Varietal turnover in many CGIAR breeding programs has slowed dramatically. Despite technical advances, too few varieties are being replaced, adopted, or scaled—reflecting not only a supply-driven orientation in breeding, but also the limited capacity of seed systems to deliver varieties that align with farmers’ evolving needs.
This disconnect ignores a fundamental truth: farmers are agents, not only recipients. They make choices based on market signals, cultural preferences, climate realities, livelihood goals, economic constraints, and behavioral biases. Designing breakthrough products, varieties that farmers want and need and not just tolerate requires a deep understanding of drivers of choice. These factors are further shaped by gender roles, access to resources, mobility, and decision-making power, all of which influence who adopts, who benefits and who is left behind. That’s where market intelligence comes in.
Market intelligence in CGIAR breeding is not just a service; it’s a process of co-creation. It brings together transdisciplinary product design teams of breeders, social scientists, nutritionists, gender and climate experts, and value chain stakeholders to collaboratively design products that reflect the lived realities and aspirations of farmers, processors, traders, and consumers. This framing reinforces the infinite mindset: breeding is not a solo act of innovation, but a transdisciplinary journey toward relevance, resilience, and impact.
Infinite leaders in breeding don’t just chase genetic gains. They pursue relevance, resilience, and regenerative impact. They ask: “What products will farmers and consumers still choose five or ten years from now, in a hotter, more volatile and urbanized world?” and “How will women, men, young people and indigenous communities participate in, influence and benefit from these choices?”

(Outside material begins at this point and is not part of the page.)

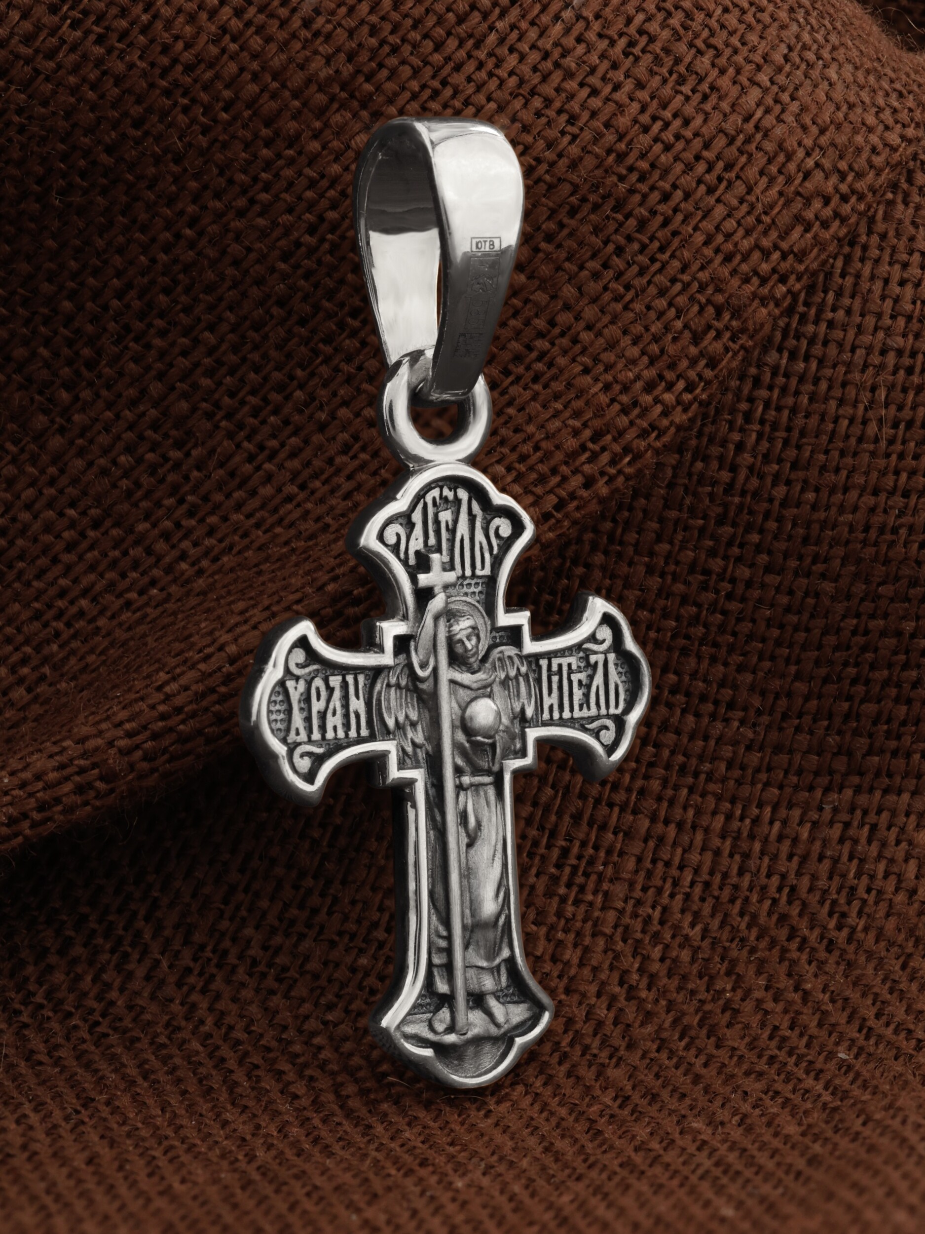 На оборотной стороне креста изображен святой Ангел-Хранитель в виде прекрасного юноши держащего в правой руке крест, а в левой — сферу. Ангел-Хранитель — это Ангел приставляемый Богом к человеку при крещении для охраны и помощи в добрых делах. Невидимо пребывая при нас постоянно, он, руководствуя нас ко спасению, не только по нашему желанию таинственно наставляет нас на все доброе и полезное, не только возносит наши молитвы к Богу, но еще и сам от себя охраняют и защищают нас от врагов видимых и невидимых, ходатайствует за нас пред Богом.

Breakthrough products are not just high-yielding, they are climate-resilient, nutrition-sensitive, culturally resonant, and economically viable. They are socially inclusive, designed with the specific needs, roles, and preferences of diverse user groups in mind. They solve real problems. And to design them, transdisciplinary product design teams need to know:
• What traits farmers value and why?
• What contextual constraints farmers face to using the varieties they value?
• How gender norms, intra-household decision-making, and access to assets affect adoption and use?
• What processors, retailers, traders, and consumers demand?
• How demand for industrial and non-food use will evolve in the future?
• How dietary change will shift future consumers’ demand?
• How climate change is reshaping production zones and risk profiles?
• Where the next adoption frontier lies?
• Who might be excluded from these frontiers and how inclusive pathways can be built?
This intelligence doesn’t come from the lab; it comes from observing, listening, mapping, and modeling. It’s not a cost; it’s an investment in the future.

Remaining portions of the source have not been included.